**Exercise:** The required output is an exact restatement of the lines, starting with the one that contains "パノラミックビューモニターシ" and finishing with the last line of the listing. It contains no pictures.

__________

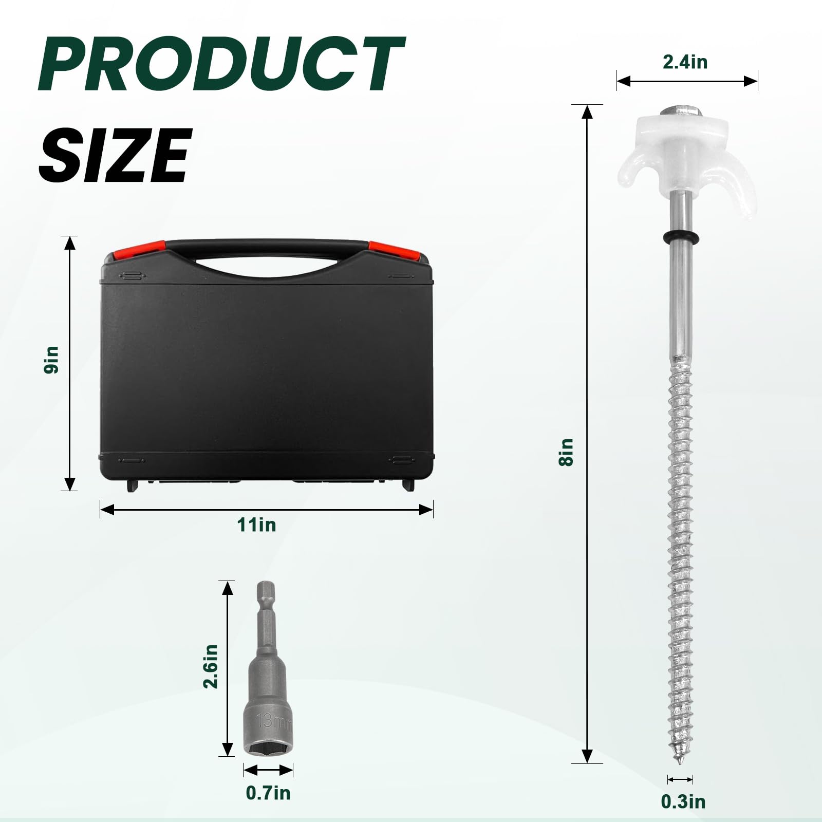 20 Pack 8" Screw in Tent Stakes Heavy Duty- Ground Anchors Screw- Tent Pegs Camping Stakes- Hex Pegs Drillable Tent Stakes and Hexagon Head Drive and Storage Box (White)
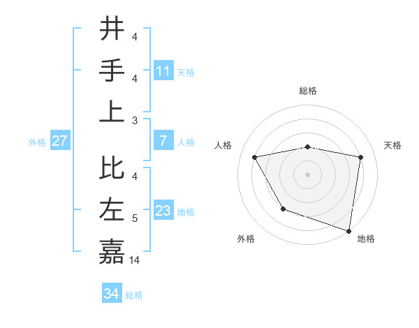 井手上 比左嘉さんを姓名の画数から五運を鑑定
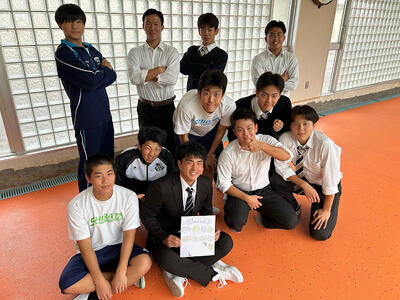 柔道部の後輩たちとの写真です。実習期間中、部活動の指導もしていただきました。
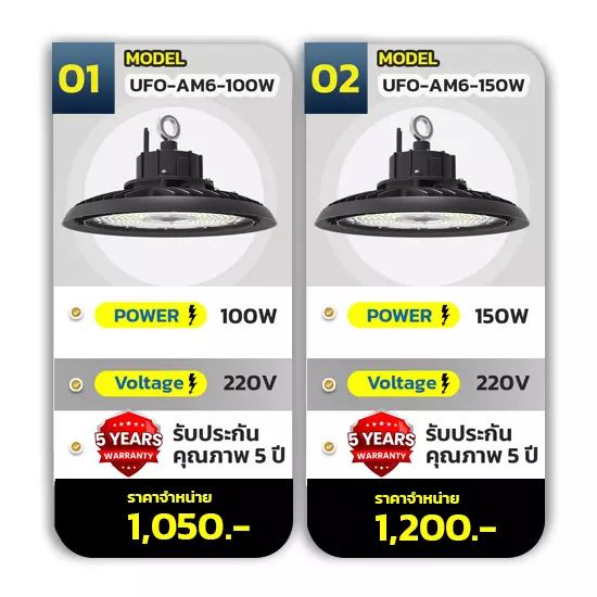 - โคมไฟ LED UFO 150W ให้ความสว่าง 22,500-30,000 ลูเมน
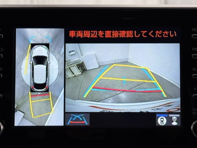 パノラミックビューモニターシステムが付いているので車の上から見た映像が確認できますよ。 一目で車両周辺の情報を確認できますが、直接安全をご確認下さい。
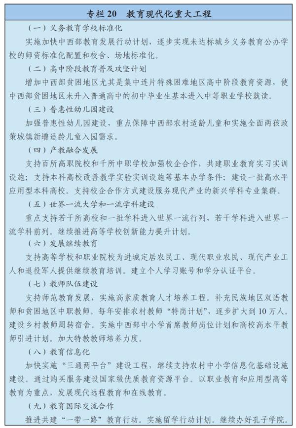 深化教育改革,增強(qiáng)學(xué)生社會責(zé)任感、法治意識、創(chuàng)新精神、實(shí)踐能力,全面加強(qiáng)體育衛(wèi)生、心理健康、藝術(shù)審美教育,培養(yǎng)創(chuàng)新興趣和科學(xué)素養(yǎng)。深化考試招生制度和教育教學(xué)改革。推行初高中學(xué)業(yè)水平考試和綜合素質(zhì)評價。全面推開中小學(xué)教師職稱制度改革,改善教師待遇。推動現(xiàn)代信息技術(shù)與教育教學(xué)深度融合。依法保障教育投入。實(shí)行管辦評分離,擴(kuò)大學(xué)校辦學(xué)自主權(quán),完善教育督導(dǎo),加強(qiáng)社會監(jiān)督。建立分類管理、差異化扶持的政策體系,鼓勵社會力量和民間資本提供多樣化教育服務(wù)。完善資助體系,實(shí)現(xiàn)家庭經(jīng)濟(jì)困難學(xué)生資助全覆蓋。

__________

**Solution for this problem:**
 パノラミックビューモニターシステムが付いているので車の上から見た映像が確認できますよ。 一目で車両周辺の情報を確認できますが、直接安全をご確認下さい。
 深化教育改革,增強(qiáng)學(xué)生社會責(zé)任感、法治意識、創(chuàng)新精神、實(shí)踐能力,全面加強(qiáng)體育衛(wèi)生、心理健康、藝術(shù)審美教育,培養(yǎng)創(chuàng)新興趣和科學(xué)素養(yǎng)。深化考試招生制度和教育教學(xué)改革。推行初高中學(xué)業(yè)水平考試和綜合素質(zhì)評價。全面推開中小學(xué)教師職稱制度改革,改善教師待遇。推動現(xiàn)代信息技術(shù)與教育教學(xué)深度融合。依法保障教育投入。實(shí)行管辦評分離,擴(kuò)大學(xué)校辦學(xué)自主權(quán),完善教育督導(dǎo),加強(qiáng)社會監(jiān)督。建立分類管理、差異化扶持的政策體系,鼓勵社會力量和民間資本提供多樣化教育服務(wù)。完善資助體系,實(shí)現(xiàn)家庭經(jīng)濟(jì)困難學(xué)生資助全覆蓋。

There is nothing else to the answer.